• _Data block_:

::::

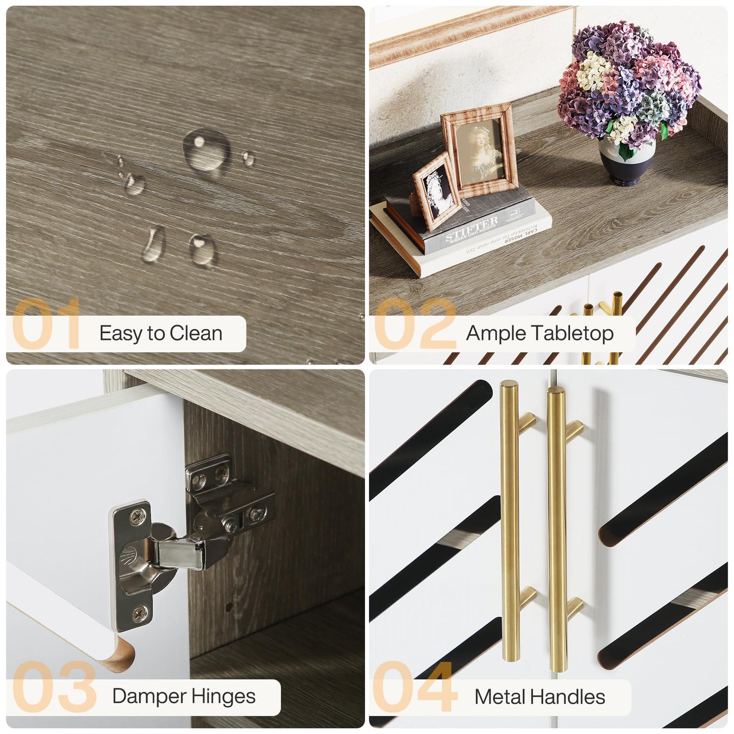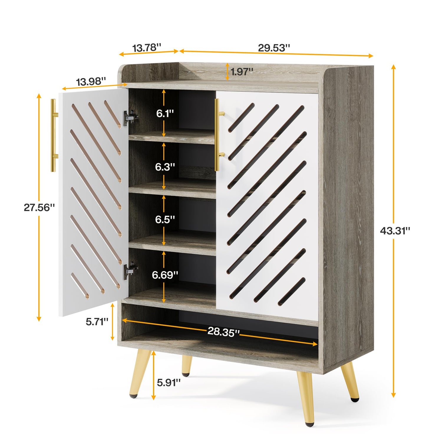 • Stylish Elegant Design: Our shoe cabinet for entryway features a minimalist aesthetic in classic white and gray colors, with unique hollow design on the doors. The subtle luxury gold handles and cylindrical metal legs adds a distinctive touch, making it an eye-catching and standout piece of furniture. It can not only enhance the visual appeal of your space but also provide practical storage
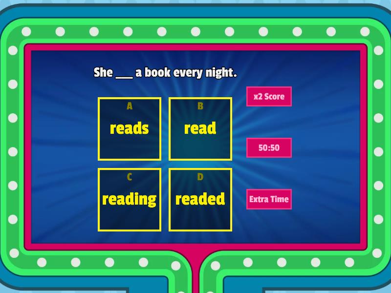 1) She ___ a book every night. a) reads b) read c) reading d) readed 2) The cat ___ on the mat. a) sits b) sit c) sat d) sitting 3) He ___ football on Sundays. a) plays b) play c) played d) playing 4) The dog ___ loudly. a) barks b) bark c) barked d) barking 5) He ___ to music in the evening. a) listens b) listen c) listened d) listening 6) She ___ the piano well. a) plays b) play c) played d) playing 7) He ___ a car to work. a) drives b) drive c) driving d) driven 8) She ___ coffee in the morning. a) drink b) drinks c) drinking d) drank 9) The sun ___ in the east. a) rise b) rises c) rising d) rose 10) The dog ___ loudly at night. a) bark b) barks c) barking d) barked 11) He ___ the guitar well. a) play b) plays c) playing d) played
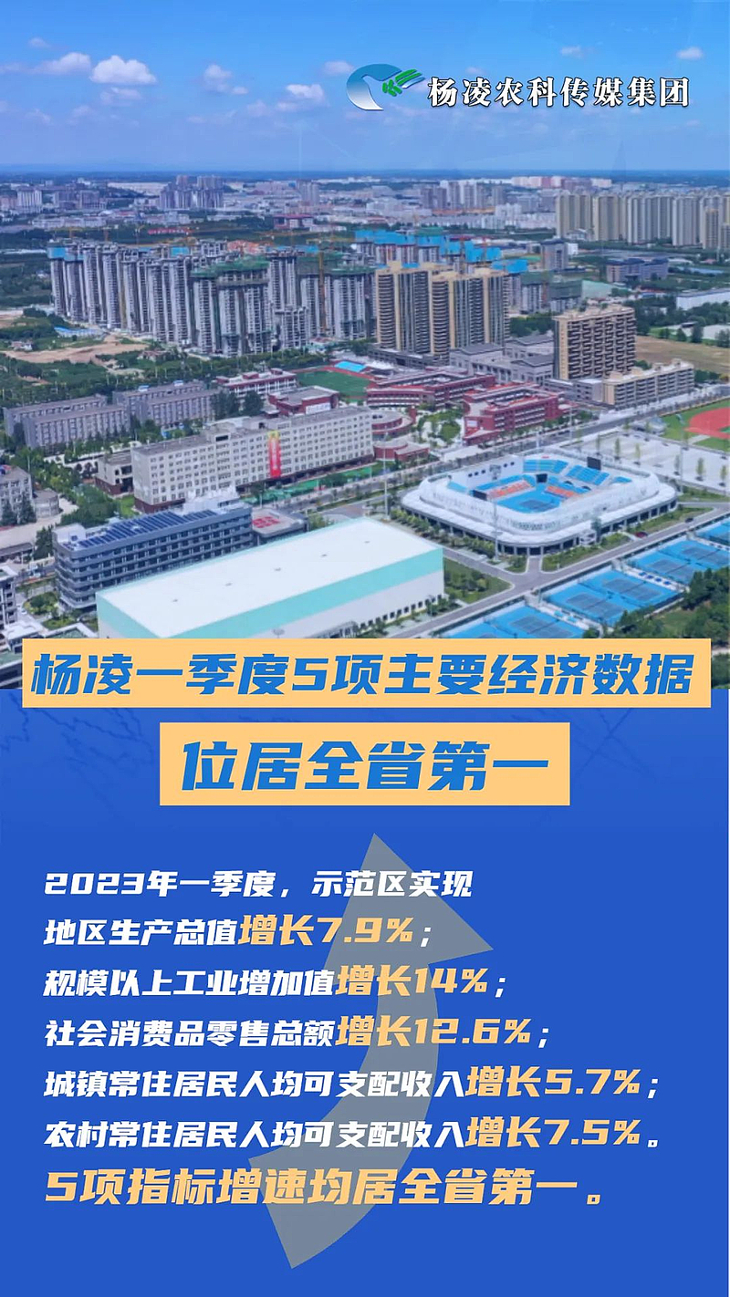全面贯彻党的二十大精神开局之年,踏着春日明快的脚步,杨凌示范区经济加速回暖,实现首季“开门红”——示范区实现生产总值36.80亿元,同比增长7.9%,增速较上年同期和全年分别加快3.1和1.7个百分点,增速居全省第一。

::::

• _Work to be completed_:
What is needed is an exact copy of the data, without any pictures.

• _Exercise output_:
 • Stylish Elegant Design: Our shoe cabinet for entryway features a minimalist aesthetic in classic white and gray colors, with unique hollow design on the doors. The subtle luxury gold handles and cylindrical metal legs adds a distinctive touch, making it an eye-catching and standout piece of furniture. It can not only enhance the visual appeal of your space but also provide practical storage
 1) She ___ a book every night. a) reads b) read c) reading d) readed 2) The cat ___ on the mat. a) sits b) sit c) sat d) sitting 3) He ___ football on Sundays. a) plays b) play c) played d) playing 4) The dog ___ loudly. a) barks b) bark c) barked d) barking 5) He ___ to music in the evening. a) listens b) listen c) listened d) listening 6) She ___ the piano well. a) plays b) play c) played d) playing 7) He ___ a car to work. a) drives b) drive c) driving d) driven 8) She ___ coffee in the morning. a) drink b) drinks c) drinking d) drank 9) The sun ___ in the east. a) rise b) rises c) rising d) rose 10) The dog ___ loudly at night. a) bark b) barks c) barking d) barked 11) He ___ the guitar well. a) play b) plays c) playing d) played
全面贯彻党的二十大精神开局之年,踏着春日明快的脚步,杨凌示范区经济加速回暖,实现首季“开门红”——示范区实现生产总值36.80亿元,同比增长7.9%,增速较上年同期和全年分别加快3.1和1.7个百分点,增速居全省第一。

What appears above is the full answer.